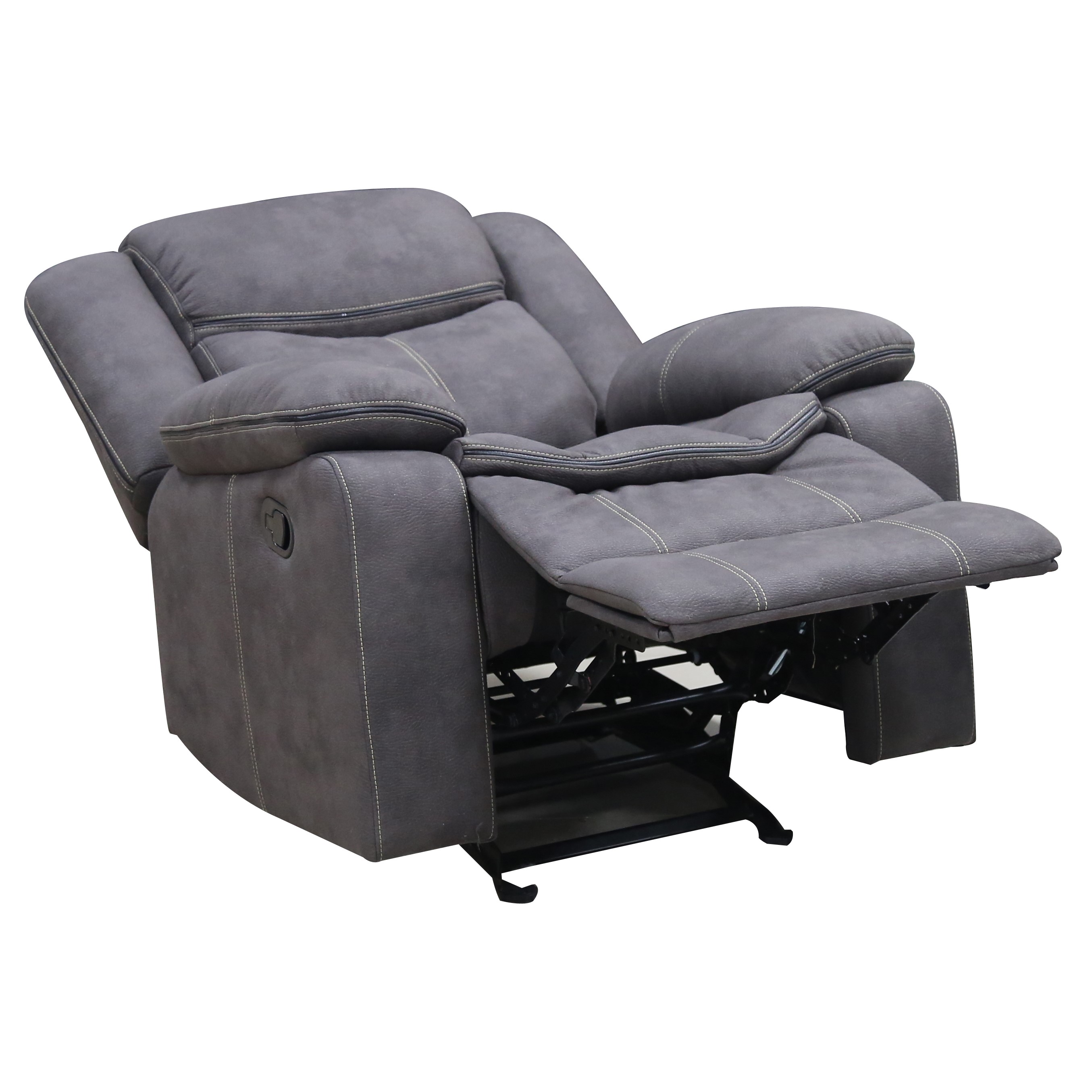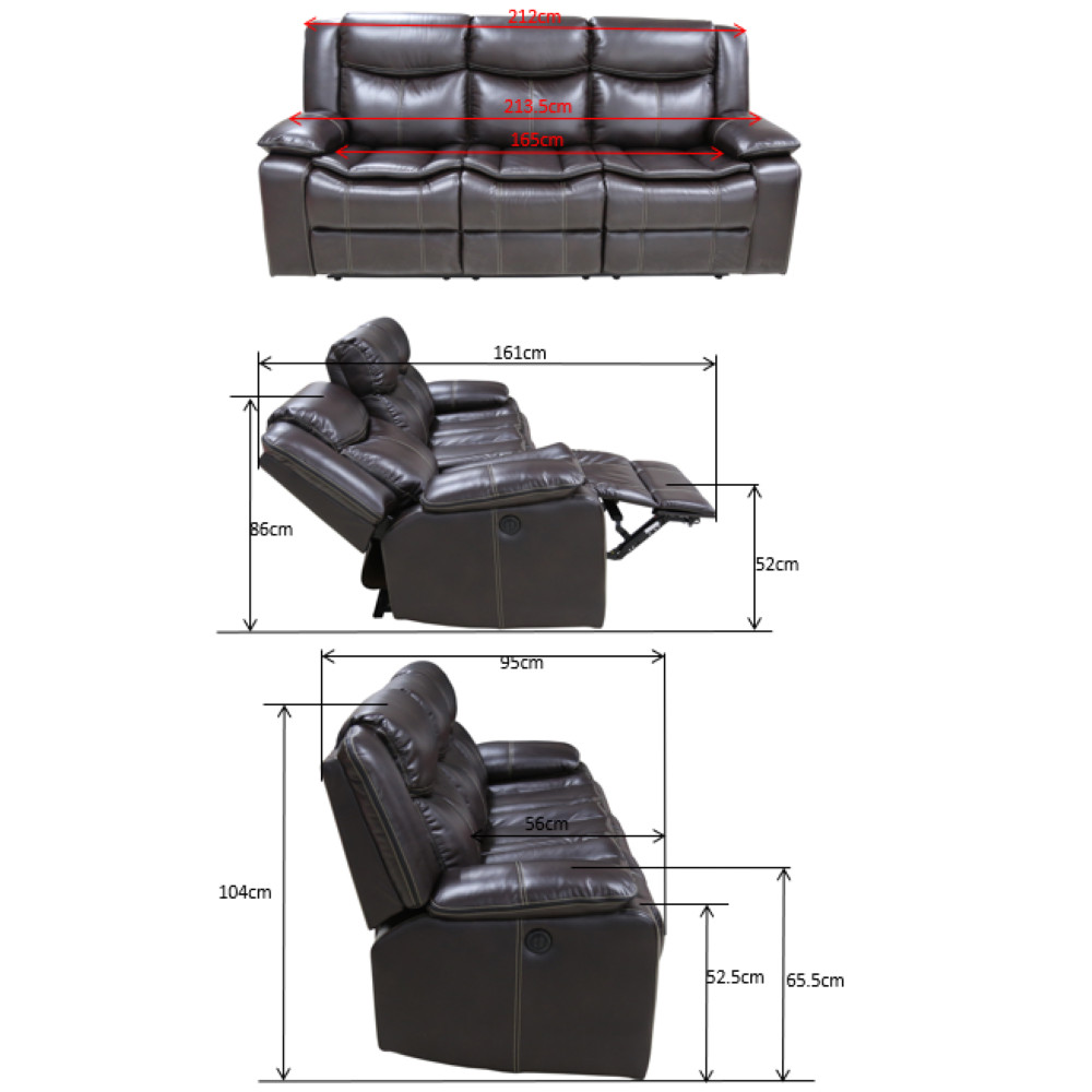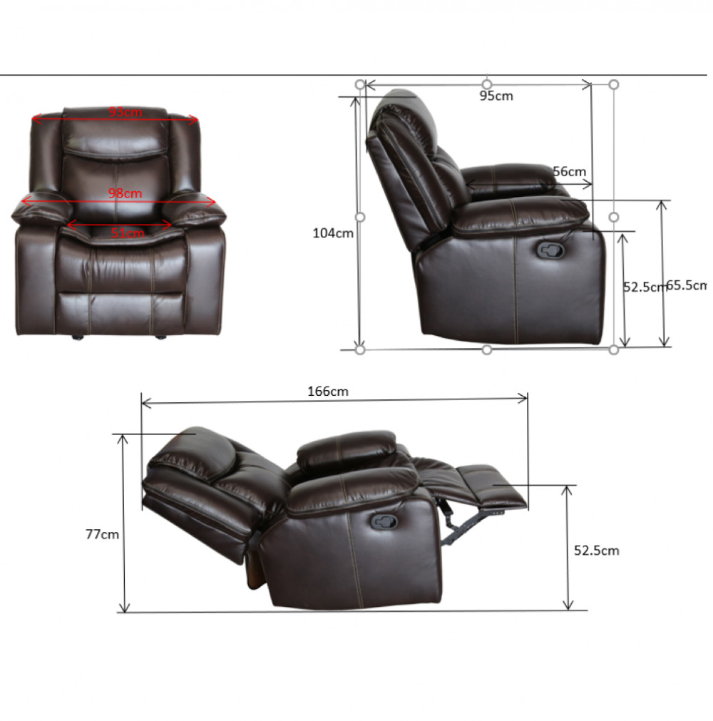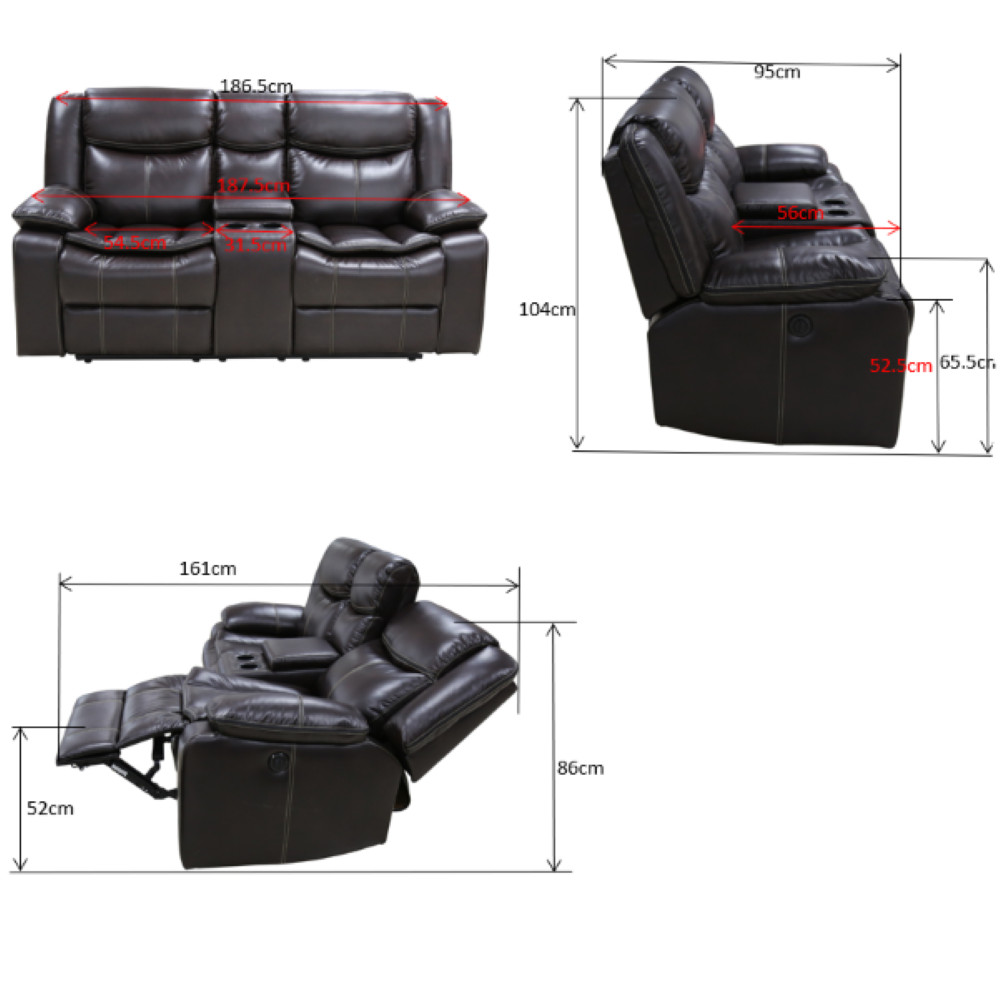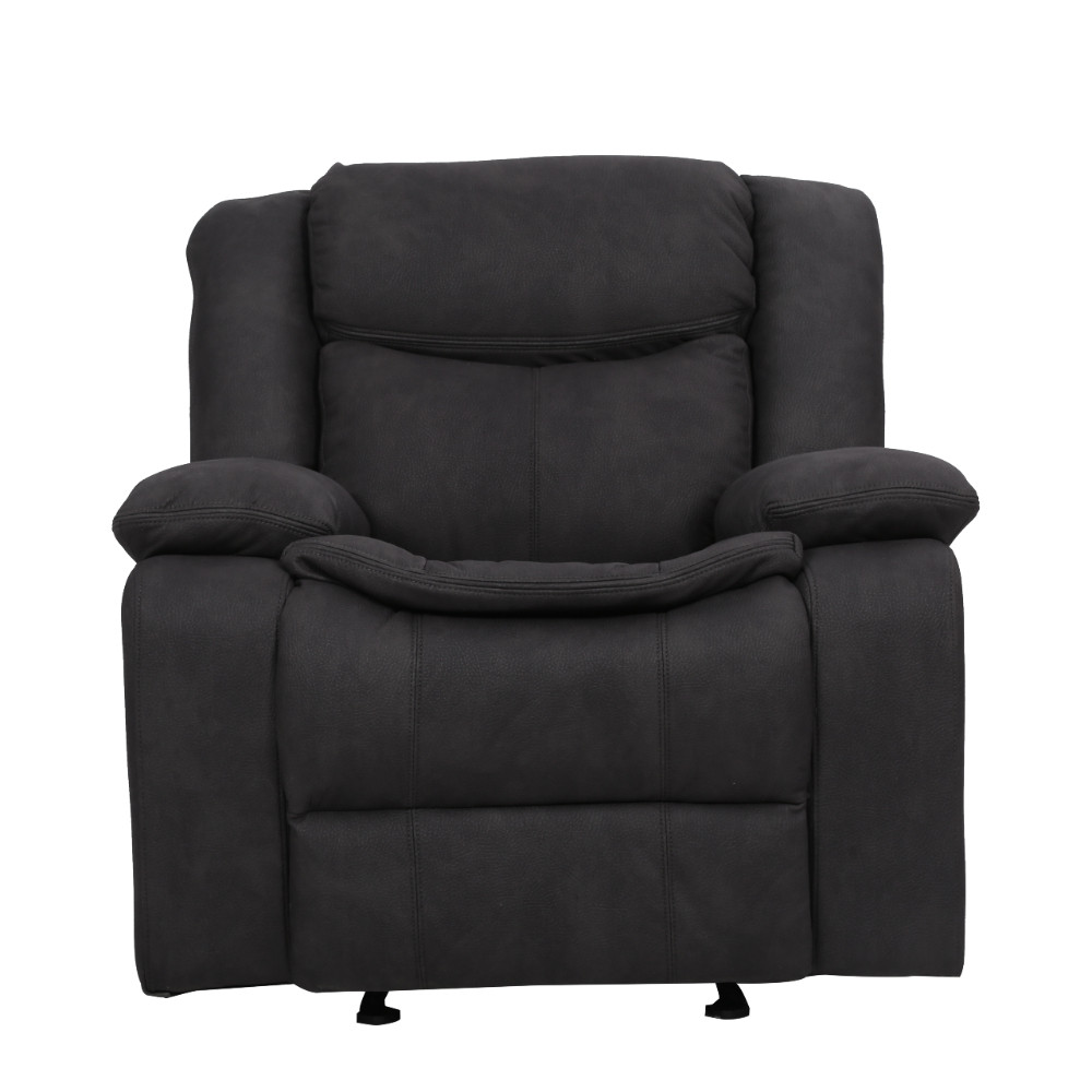Čudovita sedežna garnitura je na voljo kot fotelj, dvosed in trosed. Bogato oblazinjenje in udobna sedišča nadgrajuje relax funkcija, ki omogoča, da se sedišče s pomočjo ročke ob strani sedeža preoblikuje: hrbtni del se spusti, naslonjalo za noge dvigne. Relax funkcijo imajo fotelj, oba sedišča dvoseda in stranska sedišča troseda. Fotelj ima tudi funkcijo guganja. Dvosed se ponaša dodatno še s sredinsko konzolo, ki ima dva nosilca za kozarce in priročen shrambni predal. Sedežna garnitura je oblazinjena v sivo ali rjavo tkanino s poudarjenimi dekorativnimi šivi. Maksimalna nosilnost: 136 kg. Sedežna ganitura je opremljena z valovitimi vzmetmi, žepkastim vzmetenjem in elastičnimi trakovi.
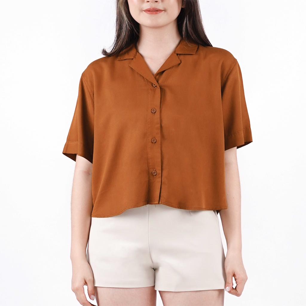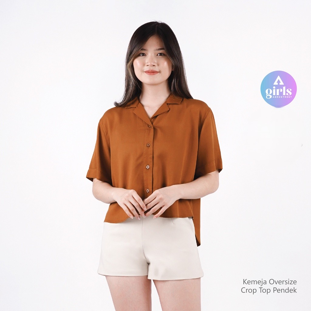 Aerostreet Kemeja Rayon Oversize Crop Top Yuki Brown Gelap Woman QDAAA Original Best Seller Official Store
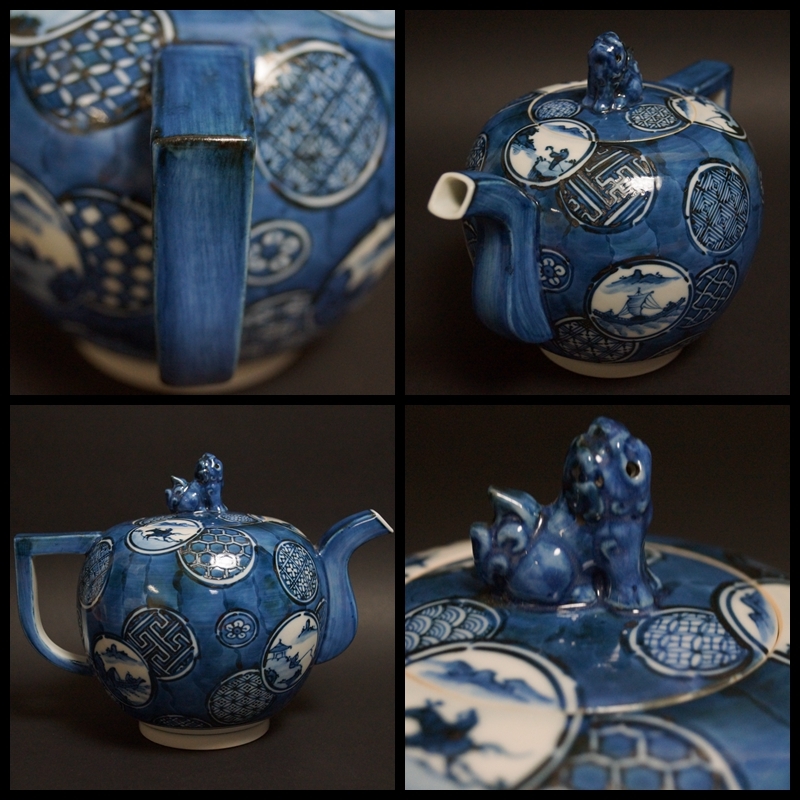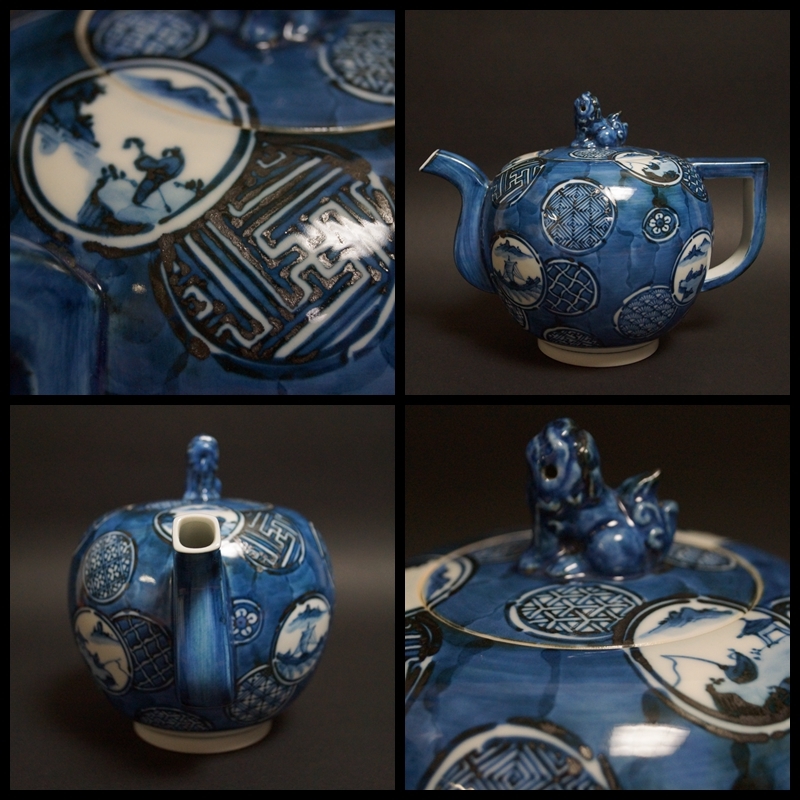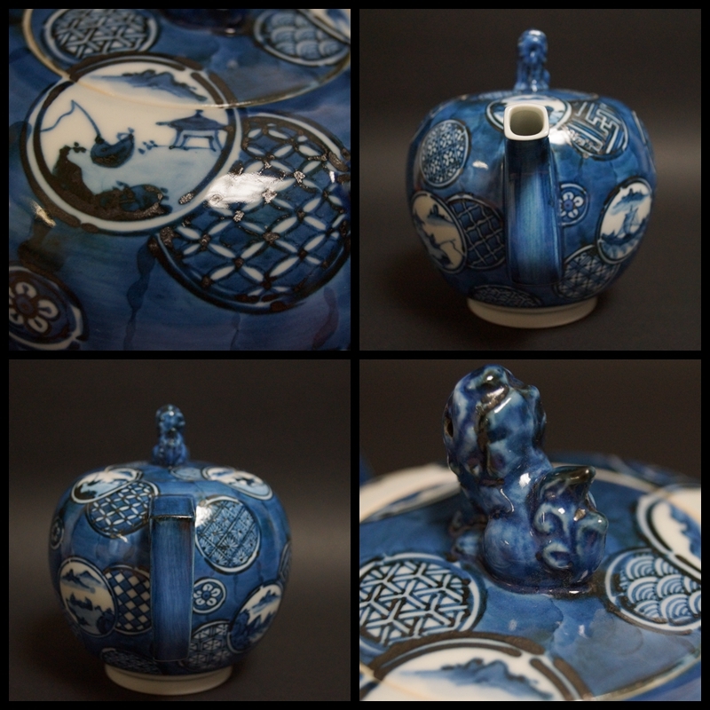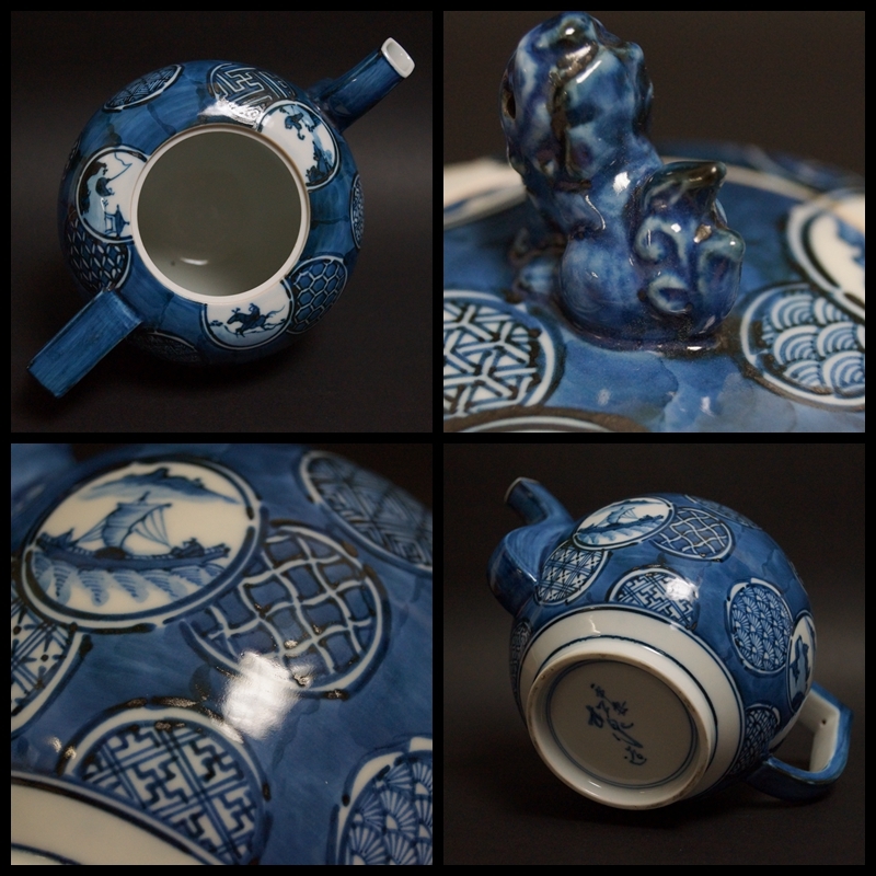 ☆煎茶道具☆京焼 平安土山松泉造 染付古紋青華祥瑞文 濃味 水注 急須 獅子摘 在銘 共箱★美品★5D0516 サイズ(約): 幅11.5cm、注ぎ口含む長さ18.2cm、高さ14cm、重さ336g |
┄┄┄┄┄┄┄┄┄┄┄┄┄┄┄┄┄┄┄┄
Exercise objective — Find the line with "Aerostreet Kemeja Rayon". Reproduce it and every line after it through the last line above exactly, leaving out the pictures.

Your solution —
 Aerostreet Kemeja Rayon Oversize Crop Top Yuki Brown Gelap Woman QDAAA Original Best Seller Official Store
 ☆煎茶道具☆京焼 平安土山松泉造 染付古紋青華祥瑞文 濃味 水注 急須 獅子摘 在銘 共箱★美品★5D0516 サイズ(約): 幅11.5cm、注ぎ口含む長さ18.2cm、高さ14cm、重さ336g |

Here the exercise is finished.